Since World War II, U.S. presidents have repeatedly initiated military action without declarations of war—Korea, Vietnam, Iraq, Libya, Syria. The War Powers Resolution of 1973 was meant to restrain such adventurism. Instead, it has become a procedural inconvenience, evaded through semantic manoeuvres: wars renamed “operations,” invasions rebranded as “defensive strikes.”
The deeper problem is congressional abdication. Legislators surrender authority out of political convenience or bipartisan consensus when force is directed at weak Global South states. Trump’s threats against Venezuela therefore do not represent constitutional breakdown; they reveal constitutional exposure. The checks exist. They no longer function.
Under the UN Charter, the threat or use of force against a sovereign state is prohibited except in self-defence following an armed attack or with explicit Security Council authorisation. Neither condition applies to Venezuela. Drug trafficking, economic mismanagement, authoritarian governance, or ideological deviation do not constitute legal grounds for war.
Any U.S. military action would therefore amount to aggression. That this is rarely stated plainly speaks less to legal ambiguity than to global hierarchy. International law is enforced rigorously against the weak and rhetorically against the strong. The so-called rules-based order operates downward, never upward.

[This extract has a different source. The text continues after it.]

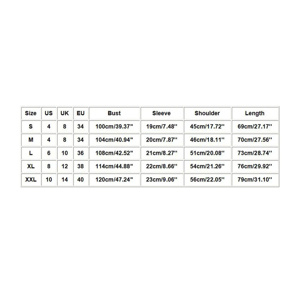 Размер США Великобритания ЕС Бюст Рукав Плечо Длина S 4 8 34 100 см/39,37'' 19 см/7,48'' 45 см/17,72'' 69 см/27,17'' М 4 8 34 104 см/40,94'' 20 см/7,87'' 46 см/18,11'' 70 см/27,56'' L 6 10 36 108 см/42,52'' 21 см/8,27'' 51 см/20,08'' 73 см/28,74'' XL 8 12 38 114 см/44,88'' 22 см/8,66'' 54 см/21,26'' 76 см/29,92'' XXL 10 14 40 120 см/47,24'' 23 см/9,06'' 56 см/22,05'' 79 см/31,10''

Geopolitics, Risk, and the Global South
Venezuela is not isolated. It is embedded in a network of strategic relationships with China and Russia. Beijing has invested tens of billions in Venezuelan energy and infrastructure. Moscow has supplied military equipment, advisors, and credit. Threatening Venezuela is therefore not merely regional bullying; it is a challenge to rival powers in the Western Hemisphere.
Unlike Iraq or Libya, Venezuela sits at the intersection of great-power rivalry. Any military escalation risks entanglement with nuclear-armed states. That such risks were entertained casually underscores the recklessness of the posture.
The implications extend beyond Latin America. India, once a major importer of Venezuelan crude, was forced to halt purchases under U.S. sanctions—subordinating its energy security to American geopolitical priorities. The precedent is unmistakable: sovereign trade decisions can be criminalised. Strategic autonomy becomes conditional.
For the Global South, Venezuela is not an exception. It is a warning.
The Empire Unmasked
Trump did not create empire. He merely stopped pretending it was clothed. Previous administrations laboured to present U.S. power as reluctant, benevolent, and rule-bound. Trump spoke the language of domination openly—threats, sanctions, ultimatums. In doing so, he revealed what had long been true: empire functions through coercion, not consent.
The tragedy is not that the emperor has no clothes. It is that the world has learned to accept naked power as normal. Institutions issue statements. Allies hedge. Media cycles move on. Meanwhile, an entire nation is punished for the crime of asserting sovereignty.
Venezuela’s future will be decided by Venezuelans. But the question Trump’s actions pose will not disappear. Are we moving toward a world where power alone determines legitimacy? Where law is invoked selectively and discarded conveniently? Where de-dollarisation is treated as a capital offence?
The emperor has long been unclothed. Trump merely made it impossible to ignore. The only remaining question is whether the world will continue to pretend the garments are still there.
(Views expressed are personal)
Anand Teltumbde is an Indian scholar, writer and human rights activist.